*** Records to use ***
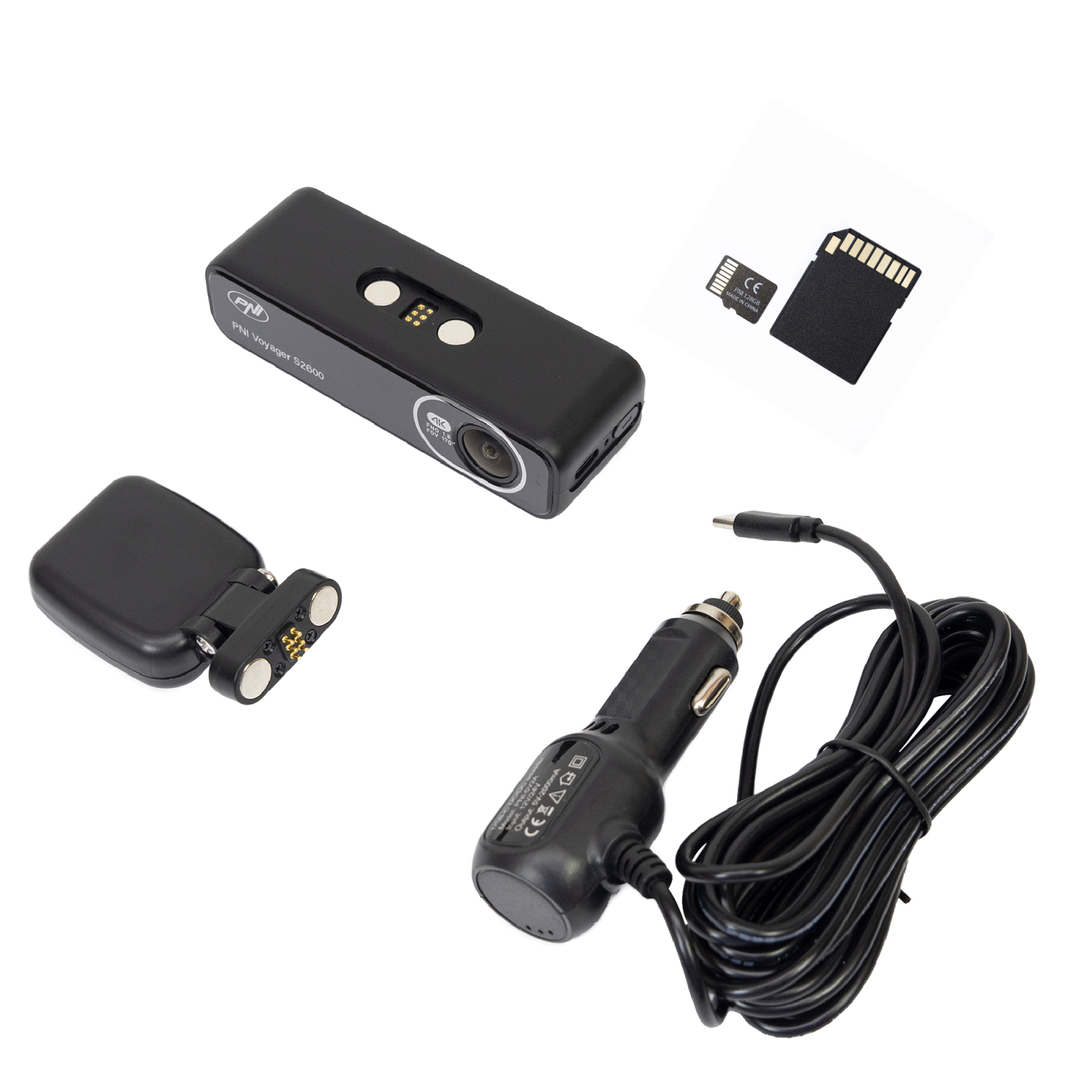 Pachet Camera auto DVR PNI Voyager S2600, WiFi, 4K Ultra HD, GPS si card de memorie microSD 128GB inclus
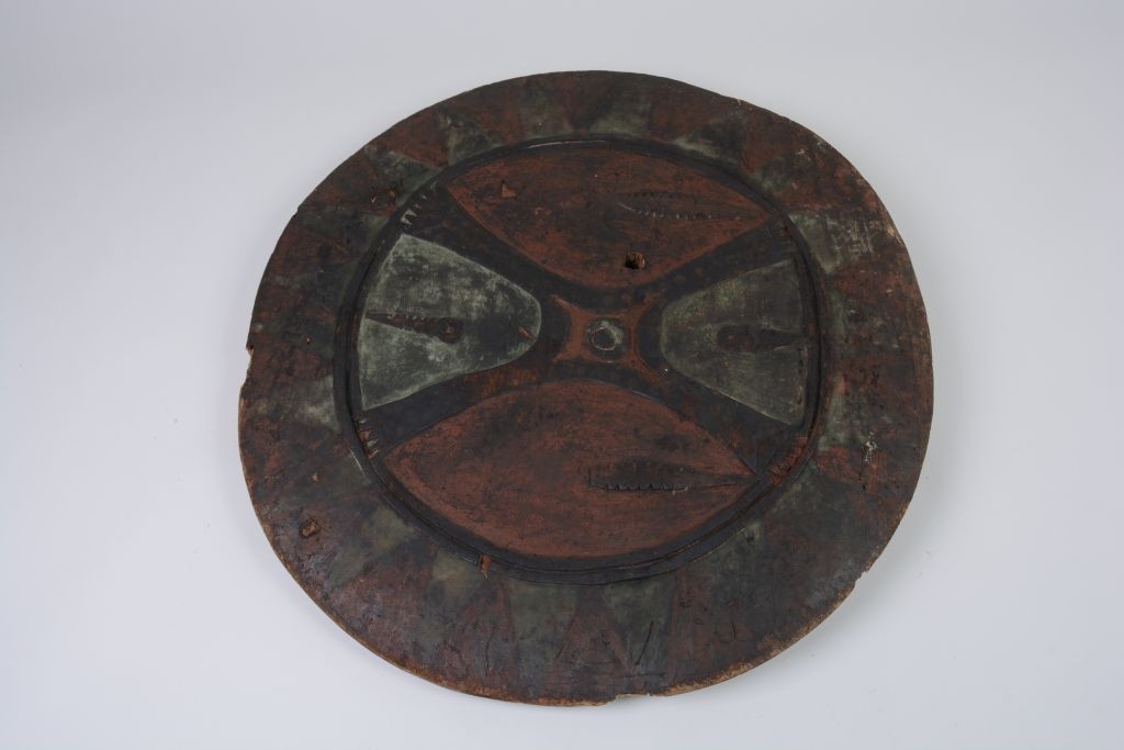 Korong alakú, vastag, nehéz faanyagból faragott lap. Külső oldalán a peremmel egyezően vájat húzódik körbe, a körön belül X alakú, kiemelkedően faragott díszítés van. Az X szárai által határolt részek váltakozva vörös és zöldes színűek. A vájat és a pajzs széle között lévő sávon háromszöges, váltakozva vörösre és zöldre festett díszítés van. Belső oldalán két törött fülrész van. A pajzs alapszíne sötétbarna.
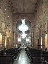 Al templo le han realizado dos intervenciones.[3] La primera de ellas consistió en cubrir el artesonado del techo con cielo raso de latón troquelado, decorado con colores locales. Luego, en 1979 a raíz de un temblor de tierra, la iglesia sufrió serias averías.[3] Por lo cual fue sometida a reparaciones que incluyeron el amarre de toda su estructura con hormigón armado, intervención que duró siete años y que la dejaron con el aspecto que hoy presenta.[3]
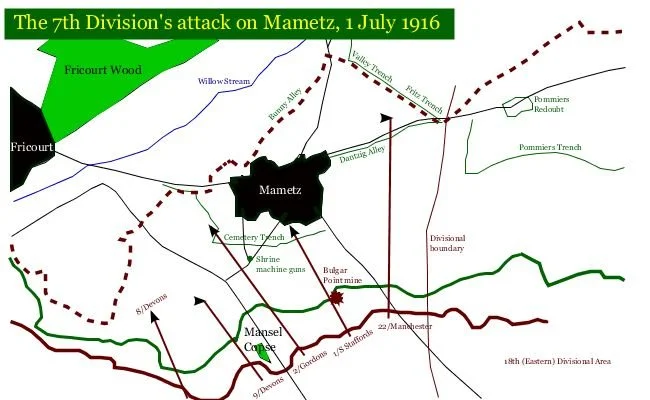 Map showing the direction of the Gordon Highlanders advance during the attack near Mametz
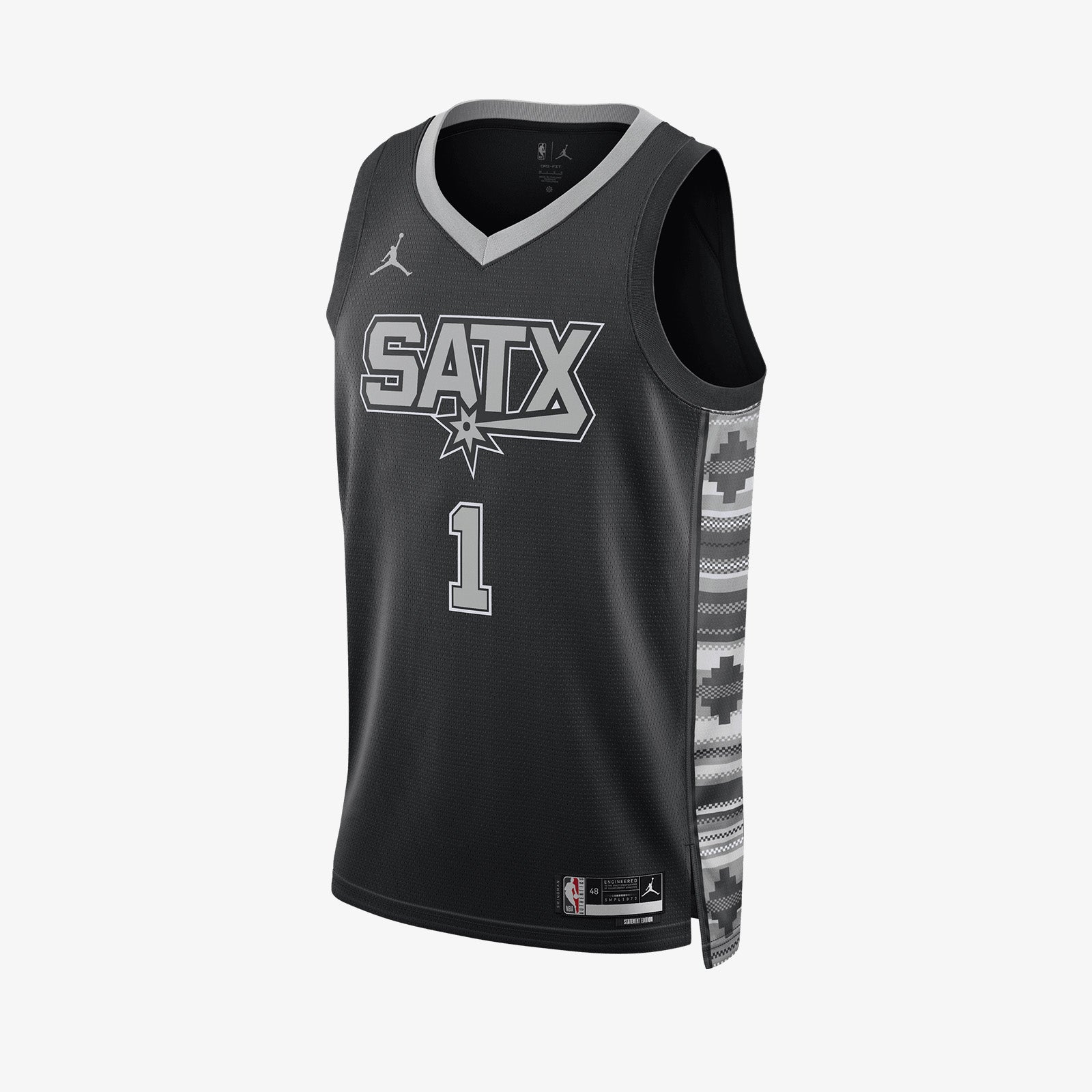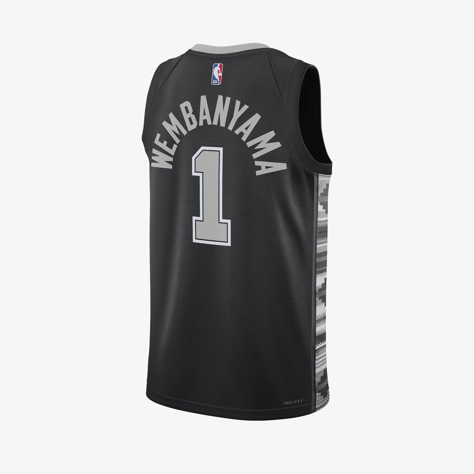 Victor Wembanyama San Antonio Spurs Statement Edition Swingman Jersey is a double-knit mesh fabric and built-in sweat-wicking Dri-FIT technology keeping you dry and distraction-free. The straight hem will also provide a comfortable and relaxed fit for every fan.
*** End of Records to use ***
#### Your task:
Reproduce exactly, with nothing added, the lines from the line with "Korong alakú, vastag, nehéz" through the end of the entries above; pictures are to be left out.

#### Written answer:
 Korong alakú, vastag, nehéz faanyagból faragott lap. Külső oldalán a peremmel egyezően vájat húzódik körbe, a körön belül X alakú, kiemelkedően faragott díszítés van. Az X szárai által határolt részek váltakozva vörös és zöldes színűek. A vájat és a pajzs széle között lévő sávon háromszöges, váltakozva vörösre és zöldre festett díszítés van. Belső oldalán két törött fülrész van. A pajzs alapszíne sötétbarna.
 Al templo le han realizado dos intervenciones.[3] La primera de ellas consistió en cubrir el artesonado del techo con cielo raso de latón troquelado, decorado con colores locales. Luego, en 1979 a raíz de un temblor de tierra, la iglesia sufrió serias averías.[3] Por lo cual fue sometida a reparaciones que incluyeron el amarre de toda su estructura con hormigón armado, intervención que duró siete años y que la dejaron con el aspecto que hoy presenta.[3]
 Map showing the direction of the Gordon Highlanders advance during the attack near Mametz
 Victor Wembanyama San Antonio Spurs Statement Edition Swingman Jersey is a double-knit mesh fabric and built-in sweat-wicking Dri-FIT technology keeping you dry and distraction-free. The straight hem will also provide a comfortable and relaxed fit for every fan.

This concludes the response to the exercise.